– Понял… – высокомерно ответил я и тут же пожалел. Высокомерие рождалось трезвостью, а сегодня трезвость – не норма жизни. Да и не столько пьян был тёткин муж – разгорячён, да…
Он говорил правду: не декларируя, даже стесняясь этого, мы все тряслись о своём благополучии. Мы отказывались от жизни, если она была горькой на вкус. И мы, да, как мартышки, заладили: рок-н-ролл, стихи… Мы хотели быть героями, но в мягкой, приятной форме. Музыка… Поэзия. Под танки никто из нас бросаться не собирался. А если и проскакивала эта мысль – нам было лень идти, записываться, куда-то ехать…

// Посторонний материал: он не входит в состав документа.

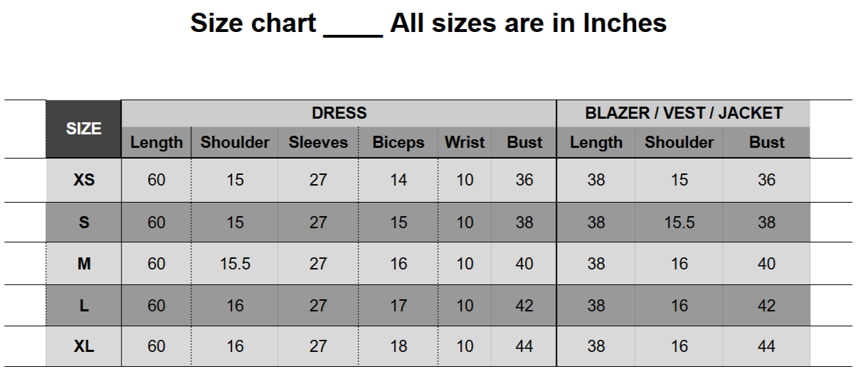 Double Check Sizes: We strongly encourage you to carefully review the size chart and double-check your measurements before placing an order.
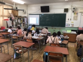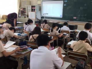 コース別に分かれて学習しています。今日は、180度より大きい角度の求め方を考えました。分度器では180度までしか測ることができません。どうすれば良いか、速く求められる方法はないか考え、どんどん問題を解いていきました。
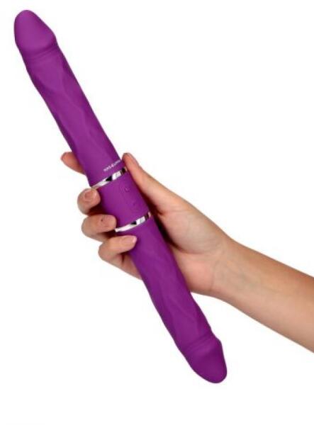 Cupid Arrow -kétvégű vibrátor, akkus, távirányítós. Szilikon kétvégű vibrátor. Távirányítóval vagy a rajta lévő gombokkal szabályozhat vibráció. Akkus(USB töltő zsinór a csomagban). Teljes hossza:35cm. Átmérő:3,3cm.
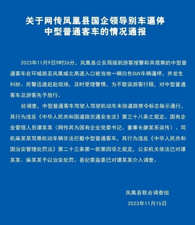 央視網(wǎng)消息:據(jù)鳳凰融媒微信公眾號(hào)消息,11月15日,鳳凰縣聯(lián)合調(diào)查組發(fā)布情況通報(bào),經(jīng)調(diào)查,中型普通客車駕駛?cè)笋{駛機(jī)動(dòng)車未按道路禁令標(biāo)志指示通行,其行為違反相關(guān)規(guī)定。國(guó)有企業(yè)管理人員譚某某 (網(wǎng)傳其為國(guó)有企業(yè)黨委書(shū)記、董事長(zhǎng)廖某系誤傳)、司機(jī)麻某某駕乘機(jī)動(dòng)車輛非法攔截中型普通客車,其行為違反相關(guān)規(guī)定,公安機(jī)關(guān)依法已對(duì)譚某某、麻某某予以治安處罰??h紀(jì)委監(jiān)委已對(duì)譚某某介入調(diào)查。
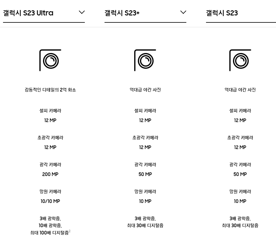 | 갤럭시 s23 | 갤럭시 s23 플러스 | 갤럭시 s23 울트라 | |
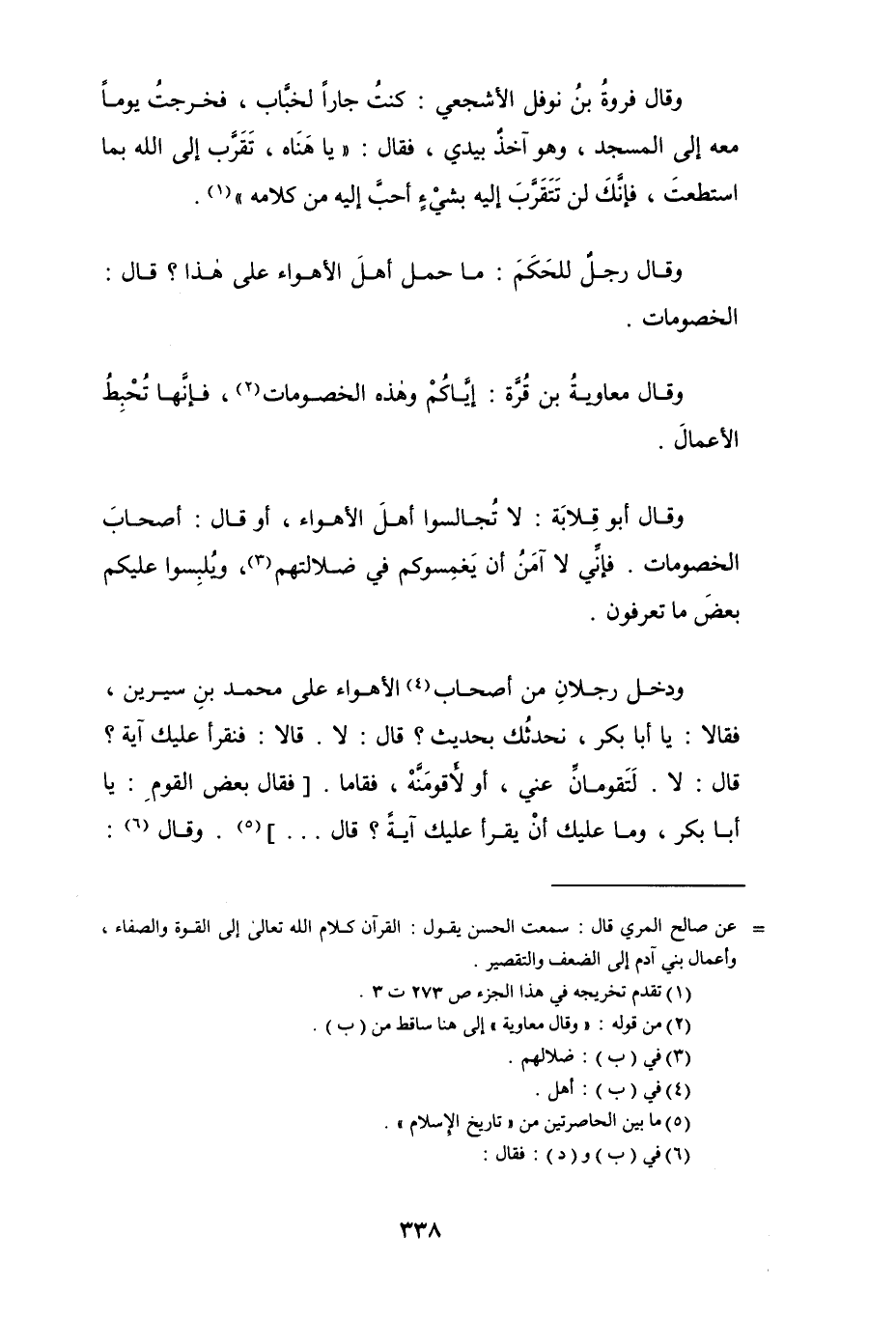 = عن صالح المري قال: سمعت الحسن يقول: القرآن كلام الله تعالى إلى القوة والصفاء، وأعمال بني آدم إلى الضعف والتقصير.

У меня был один знакомый. Лет сорока с куцым хвостиком. Сосед по дому, потом они переехали… Пару раз мне довелось с ним выпивать. А воевал сосед в Сербии, на её, Сербии, стороне! Добровольцем. Поджарый, с сухими, сильными мышцами, он сидел за столом, голый по пояс. Между нами торчала то ли вторая, то ли третья уже бутылка… Его ежедневный рацион. После полбутылки и до открывавшейся третьей его было интересно слушать. Он рассказывал про войну, про сербские обычаи, про кровожадность мусульман и про сербскую ответную кровожадность. Много – про природу Сербии… Ему удавалось написать Сербию избранным Богом, благословенным краем. Ещё язык – лишённый русской певучести, угловатый… И очень красивый в то же время… Но странно не это, странно то, как я чувствовал себя с этим человеком. Я был не нюхавшим пороху и кулака пацаном, желторотиком. Хотя сам рассказчик, прерываясь и наполняя рюмки, всё время говорил обратное. «Хороший ты, – говорил, – парень. Молодец!» Я-то знал, что никакой я не молодец. Очарованный его рассказами, я тоже должен был идти в добровольцы…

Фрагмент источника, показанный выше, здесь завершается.